I rather think that was the joke.

I don't know about that. A lot of the boats already sink just because they're floating pieces of trash. "There's a chance we'll sink and drown" is something immigrants are already pricing in when they take that leap of faith. Obviously there's some number of deliberate sinkings that would move the needle, but I don't think it's "a couple".

Because all else being equal they want to maximize the number of requested marriages implemented (both because that's what the citizens want, and because it will make administration easier later down the line). Therefore any one couple failing to get legal recognition of their union is lost value, even if it is sometimes an acceptable loss in the interest of preventing inbreeding.

I think this comes naturally out of the very sentence you quoted. Say Alice and Bob ask to get married: the legal clerk will look into their application and say "but hang on, it says here you're cousins. if you fuck each other, it could create inbred babies, which is bad. you're more likely to fuck if I accept your request than if I reject it. therefore, I should refuse", and then Bob will say "hold your horses, Padre, my balls got cut off years ago in a tragic fencing accident", and this eliminates the problem, causing the clerk to revert to the default policy of "they asked for a marriage therefore they should get one".

treating it as a "debate" to be "won"

I'll note that I'm not treating it as a debate to be won but as a debate whose shared purpose is to arrive at the truth.

But alright - humoring you: I don't, in fact, believe that marriage laws historically existed as social-engineering policies intended to encourage the creation of heterosexual families.
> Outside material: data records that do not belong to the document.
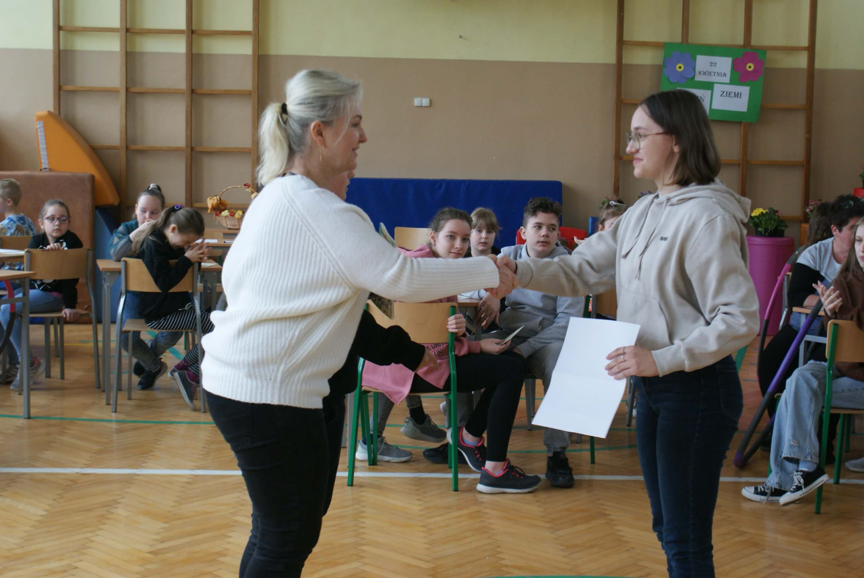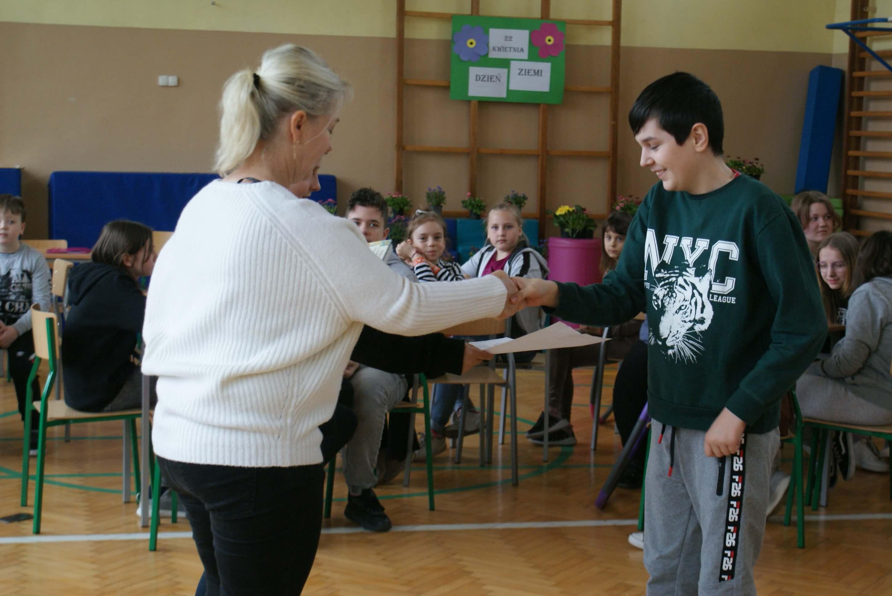 O godz.9.30 odbyło się podsumowanie imprezy, rozdanie dyplomów uczniom za udział w konkursach, losowanie nagród za prawidłowo rozwiązane krzyżówki oraz wspólne śniadanie.Obchody Dnia Ziemi uświetniły występy uczniów laureatów etapu szkolnego III Gminnego Konkursu Recytatorsko-Inscenizatorskiego pt. „ Harce z klasykiem”.
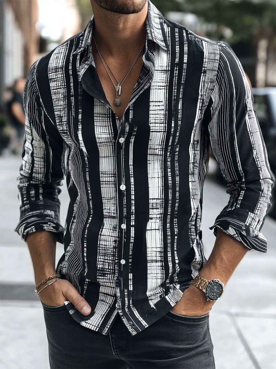 Men's Business Casual Strped Print Long Sleeve Shirt
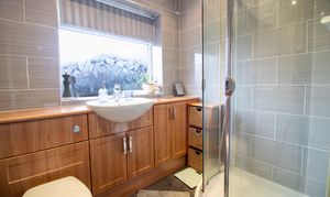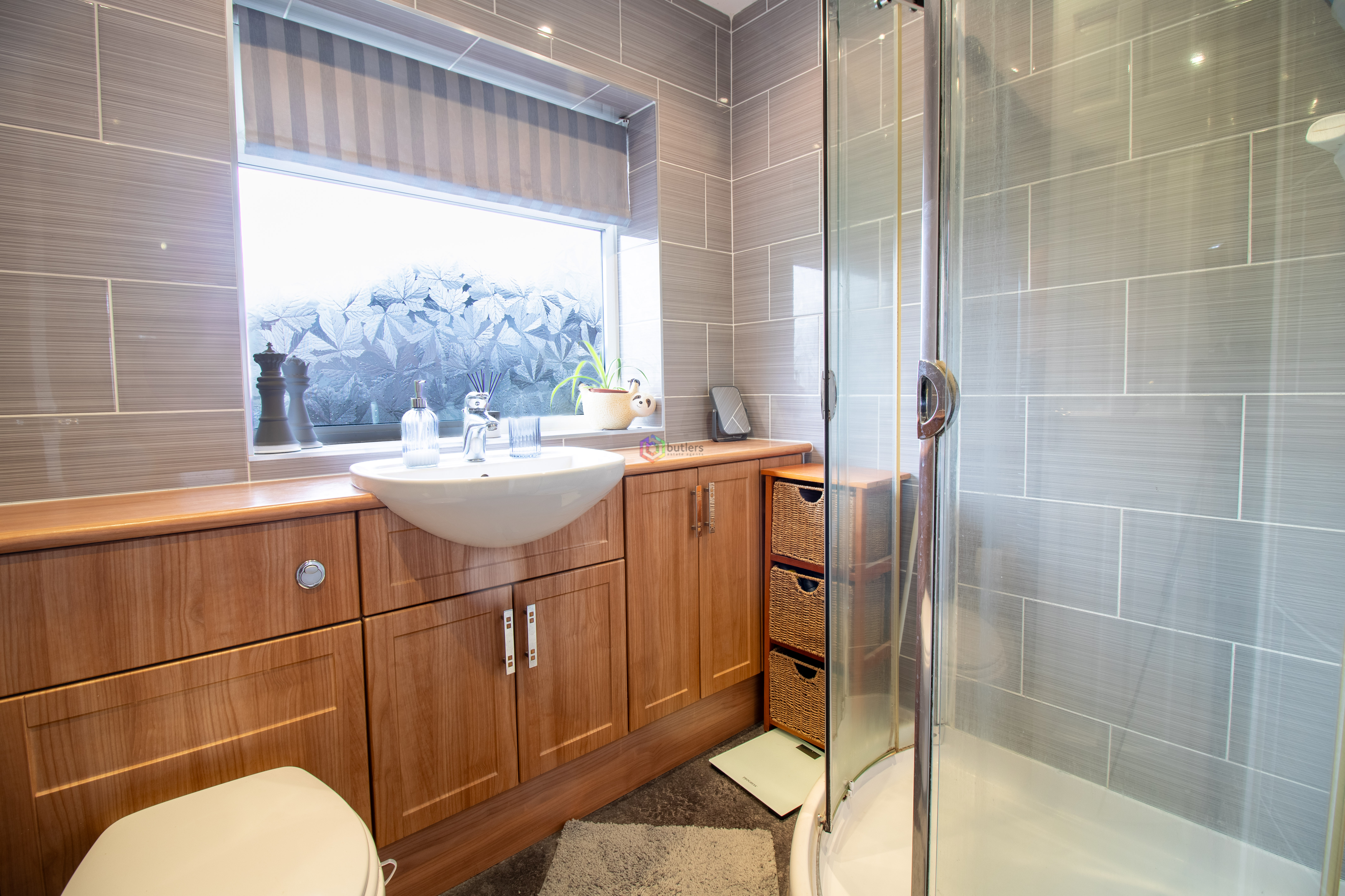 Again enjoying the space created by the extensions to the property this shower room could be an en-suite or simply a second bathroom to a growing family. No more battles in the morning rush hour with this corner shower cubicle, the vanity unit has a white wash hand basin and a white WC below the rear facing window.

As a broad simplification, I think that a critical mass of a given human population will be inclined to pair up into heterosexual households anyway, and the law eventually started keeping track of who's shacked up with who for a variety of administrative purposes (like settling inheritance disputes between a bereaved partner and the blood family of the deceased).
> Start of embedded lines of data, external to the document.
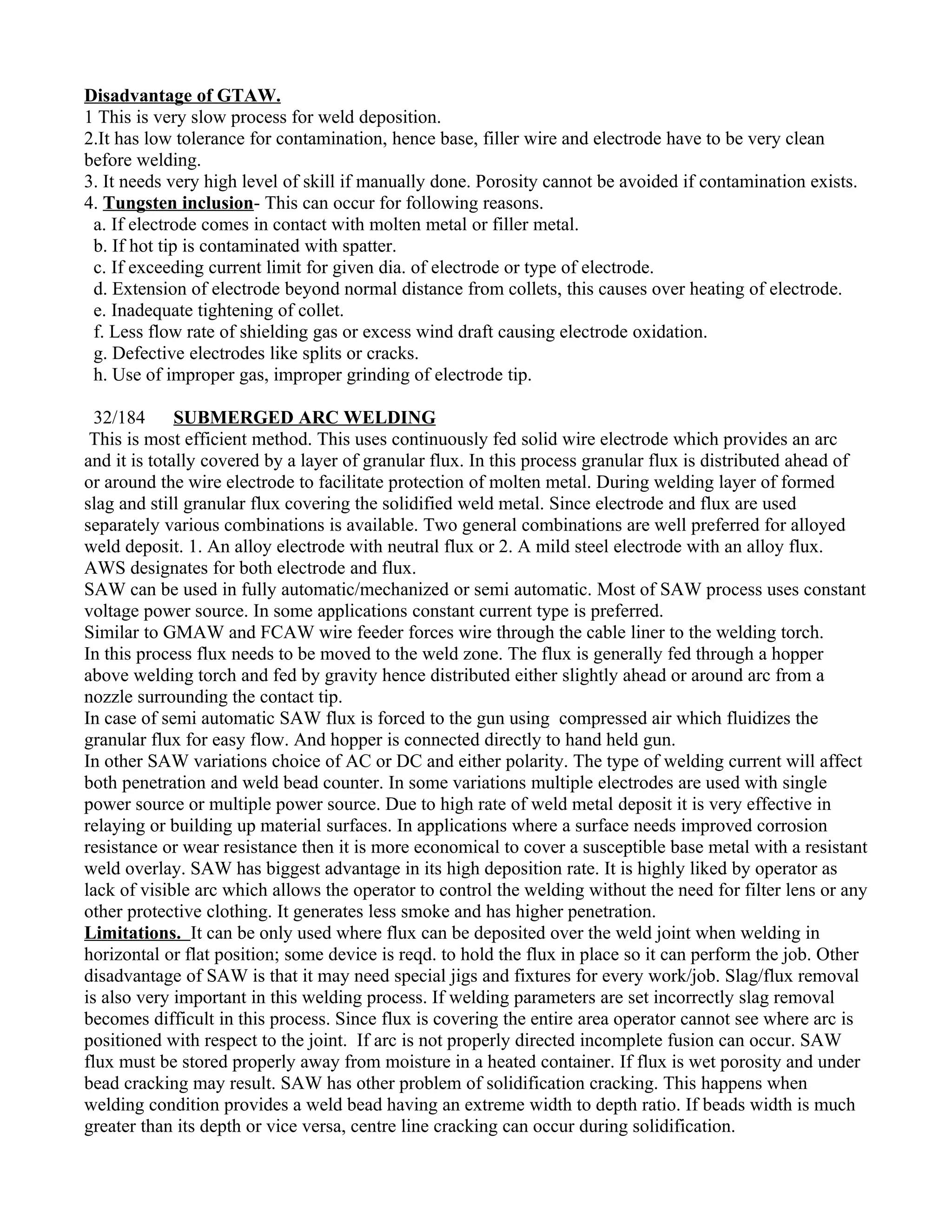 - Gas tungsten arc welding (GTAW) is slow but requires a clean environment and high skill level. Contamination can cause porosity.
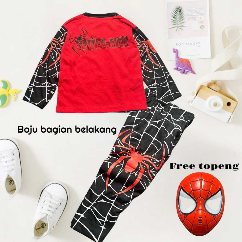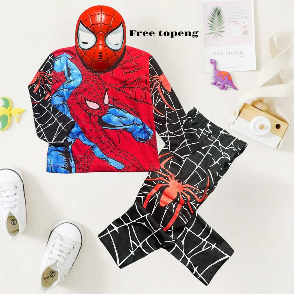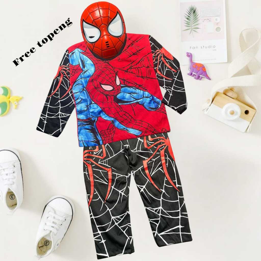 Baju Stelan Anak Laki-Laki Lengan Panjang Motif Spiderman Bahan Katun Usia 1-10 Tahun Free Topeng
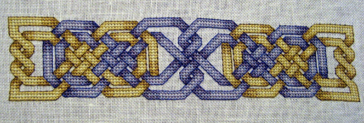 And now a quick break from crochet. This is the second bookmark I've stitched from Teresa Wentzler's Knotwork Bookmarks collection. These are really beautiful designs and they don't take too much time to stitch. At least not compared to Wentzler's larger designs. If I have time to stitch, I can usually complete one of these in 2-3 weeks. I also really like that all the patterns use four shades of a contrast colour and then the gold knotwork. Right now I have my eye on a pink bookmark, but I want to replace the pink with the shades of green that are used in one of the other patterns. I'm hoping it will be easy to substitute out one of the contrast colours for another.
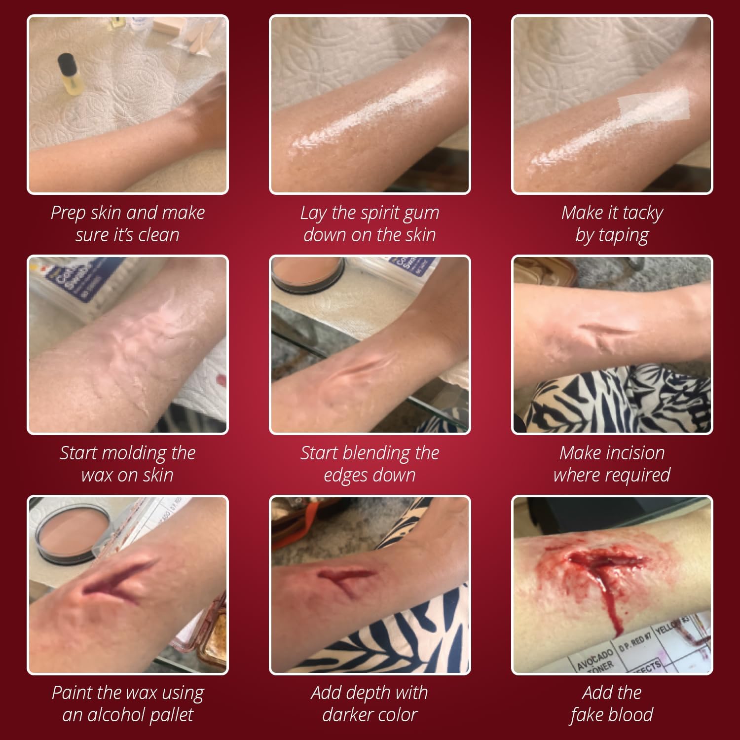 Geweldig voor beginners – Maak je kostuum compleet met deze make-upset. De eenvoudige stapsgewijze instructies maken het gemakkelijk om de speciale effecten opnieuw te creëren. Van snijwonden, littekens, wonden, snijwonden en meer.
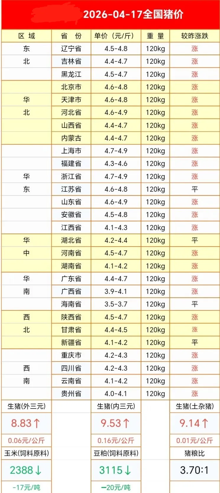 山东慧丰源4月17日猪价行情 养羊网 2026-04-17 山东慧丰源4月17日猪价行情 养羊网 2026-04-17 上一篇:【猪价早报】2026. 4 . 18全国猪价!继续上涨! 下一篇:2026.04.17鸡蛋价格行情 您可能还会对下面的文章感兴趣111: 相关文章 2026年1月26日-鸡蛋价格 “中国超市鸡蛋4元五百克,但代价是什么” 大连香炉礁活羊大串(尽误入点评第一家!) 建议今天可以关注
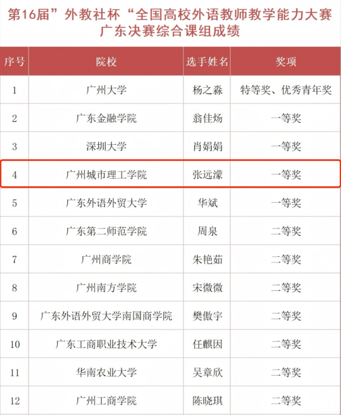 本网讯(记者 邓昕婧)2025年6月7日,第16届“外教社杯”全国高校外语教学能力大赛(大学英语组)广东省决赛圆满落幕。本次大赛分为综合组和听说组两个组别,吸引了全省多所本科院校的优秀教师参与角逐。经过初赛、复赛的层层选拔,公司bevictor伟德官网青年教师张远濛老师凭借扎实的专业素养、创新的教学设计和出色的临场表现,在决赛中脱颖而出,荣获综合组一等奖,展现了公司外语教师的风采。
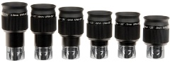 Diese extrem scharfen 58° Weitwinkel-Planetenokulare haben einheitlich 16 mm Augenabstand. Die Kontrastleistung ist enorm hoch, gleichzeitig bietet diese Okularserie ein größeres Sehfeld und einen deutlich entspannteren Einblick als eine herkömmliche Okularkonstruktion, besonders bei den kürzeren Brennweiten. Man kann sie durchaus mit anderen Planetenokularen in der 120-150 EUR Preisklasse vergleichen.

Only at a secondary stage did social engineers and moralizing busybodies realize that, once legal marriage became the norm, they could gatekeep it as a way to police who fucked whom and on what terms, whether based on their subjective ick-factors, or on their clever notions about the greater good of the nation. "By default any man/woman pair who ask for it can be legally married, but we will deny it to couples that could produce inbred children with defects in the hope that that'll make them give up on fucking one another at all" is a policy you get if you start from "everyone who's liable to shack up together in practice should get a rubber-stamped piece of paper regularizing that status", and only secondarily try to prevent unions that will be actively deleterious to society. I don't think it's a policy you get if you start from "we need to encourage fertile heterosexuals to shack up and make babies and raise them to adulthood" and come up with marriage licenses as an incentive, because if "number of fertile families" is your success metric rather than "number of people who'd have fucked anyway whose status is now regularized", it would be much cleaner to simply ban all potentially-inbreeding cousins from marrying than to carve out exceptions for infertile cousins.

(To be clear, I am making a kind of Rousseau or Thomas Hobbes "deriving the current state of affairs from a frictionless spherical state of nature" argument, not historical claims about a real sequence of events. This is only a model. But I think it's a model with greater explanatory power than "marriage was invented to boost demographics".)

Eh, I don't know. It depends on the religion and how they think of God, but if I believe that God exists and serving Him is important then it doesn't seem especially surprising for there to be more-or-less-meaningless rules which I am encouraged to follow as a demonstration of loyalty. Compare patriotism - it doesn't inherently matter what I do with a square bit of stripy cloth, but if I want to be a Good Citizen then I still shouldn't disrespect the Flag.